By Lou Ann Anderson
Probate courts’ power is often overlooked and underestimated. Unbeknownst to many, this status generates opportunity to quietly defend or destroy the personal liberty and/or property rights of those coming before such venues. Folks associated with the conservatorship (called guardianship in other states) over Nashville musician Danny Tate would likely have preferred minimized visibility of their actions. Instead of allowing a quiet hijacking of a man’s freedom and property, Tate’s entertainment industry friends are rallying to stop the ongoing depletion of his assets and the continued denial of his basic civil liberties. The friends astutely recognize that what’s happening to Danny Tate fundamentally defiles the foundations from which many American rights flow. These same friends also understand – if this could happen to Danny, it could happen to you!
Askin’ for your help, I’m not refutin’,
Who would have known it would lead to this lootin’?

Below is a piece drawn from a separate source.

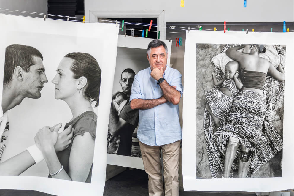 Para llevar más de media vida detrás de la cámara, Gervasio Sánchez (Córdoba, 1959) no se desenvuelve mal delante de ella. Está tranquilo, recurre a sus propios trucos como fotógrafo para ponérselo fácil al compañero de EL PAÍS: las dos piernas firmes y sin cruzar; el cuerpo, ligeramente ladeado; mentón alto... “¿Camisa, por dentro o por fuera?”, bromea Sánchez, colaborador habitual del diario Heraldo de Aragón desde hace décadas. Posa, orgulloso, delante de tres de las imágenes que componen su trabajo Vidas minadas, 25 años, un proyecto fotoperiodístico que inició en 1995 y que verá la luz el próximo 28 de septiembre en la sala de exposiciones La Lonja, en Zaragoza. También en formato libro recorrerá varias ciudades españolas en su presentación.

You took my money, my life and my trade,
Trusting you had a price – the biggest I’ve paid.
With classic country elements like betrayal and pain, this case is perfectly set in Music City, U.S.A. The growing interest in Danny Tate’s plight started with a Nashville Scene article published earlier this year. In Court-Ordered Hell – how an errant judge and a controlling sibling stripped Nashville rocker Danny Tate of his money, his livelihood and his legal rights, reporter Brantley Hargrove chronicles how Danny Tate never dreamed the power of attorney intended for use by his brother David to pay bills while Danny was in rehab would instead be used to initiate and finance a conservatorship action legally stripping the musician of both his personal and property rights.

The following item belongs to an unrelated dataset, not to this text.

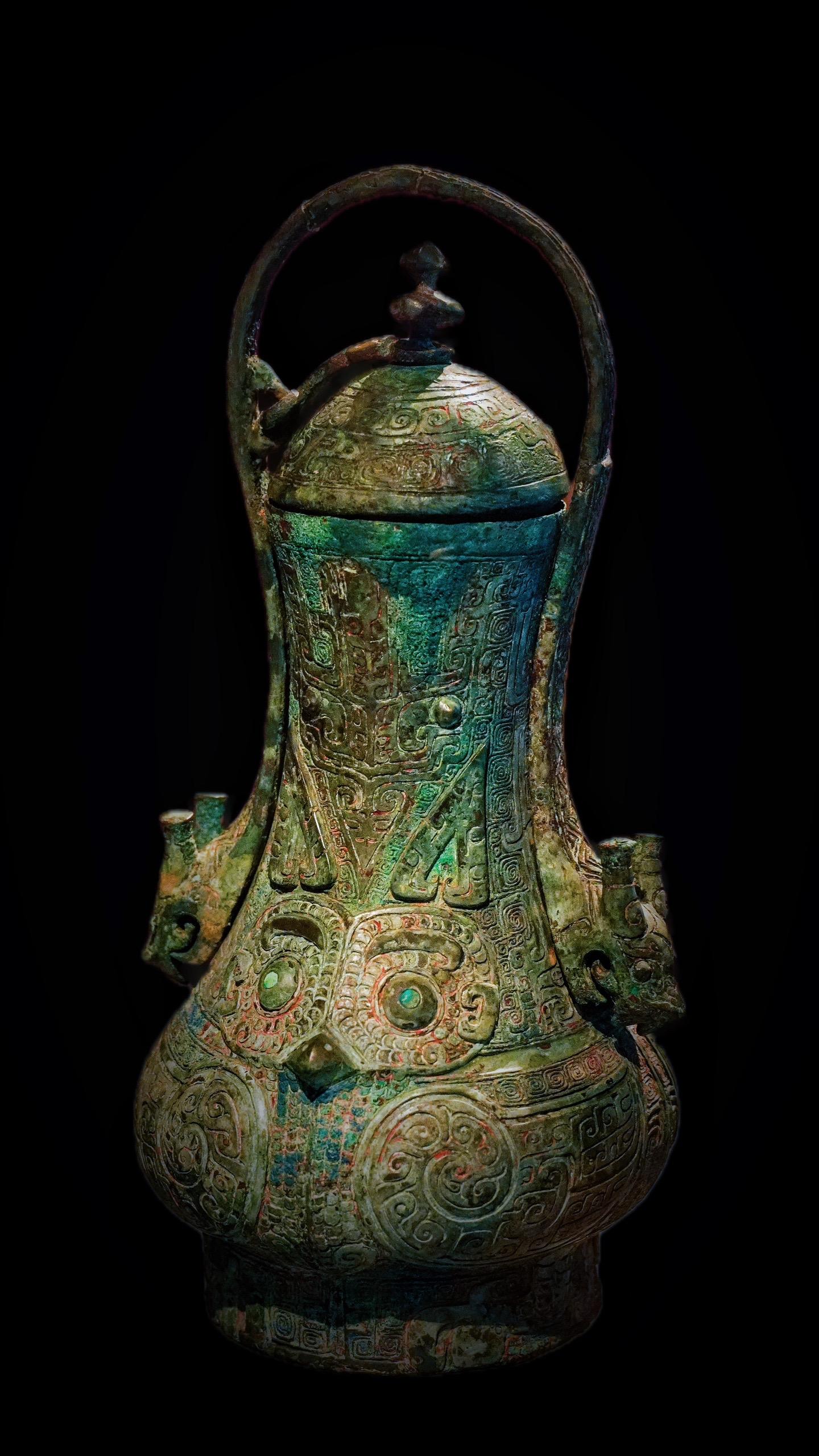 商代·嵌绿松石鸮卣。王旅啴啴,如飞如翰

Think this can’t happen in America? Think again and read on as it happens every day. Conservatorships allow a court-appointed individual complete power over a person, their property or both. They are often used for the elderly, the disabled or individuals incapacitated due to catastrophic accidents or illness. Legitimate need for such an extreme measure sometimes exists. Increasingly, however, conservatorships (guardianships) are being used as a tool, a way in which the legal system is weaponized so as to gain control of a person and their assets for exploitative purposes. Suspected abuse cases often have certain patterns. Danny Tate’s is no exception and it also offers important points of which the public should beware.
This case appears to be an Involuntary Redistribution of Assets (IRA) action defined by EstateofDenial.com as the utilization of probate venues and/or probate instruments (wills, trusts, conservatorships/guardianships or powers of attorney) to divert assets of the dead, disabled or incapacitated in a manner contrary to the property owner’s wishes. Danny Tate’s case was initiated using a power of attorney and is being perpetuated through a conservatorship.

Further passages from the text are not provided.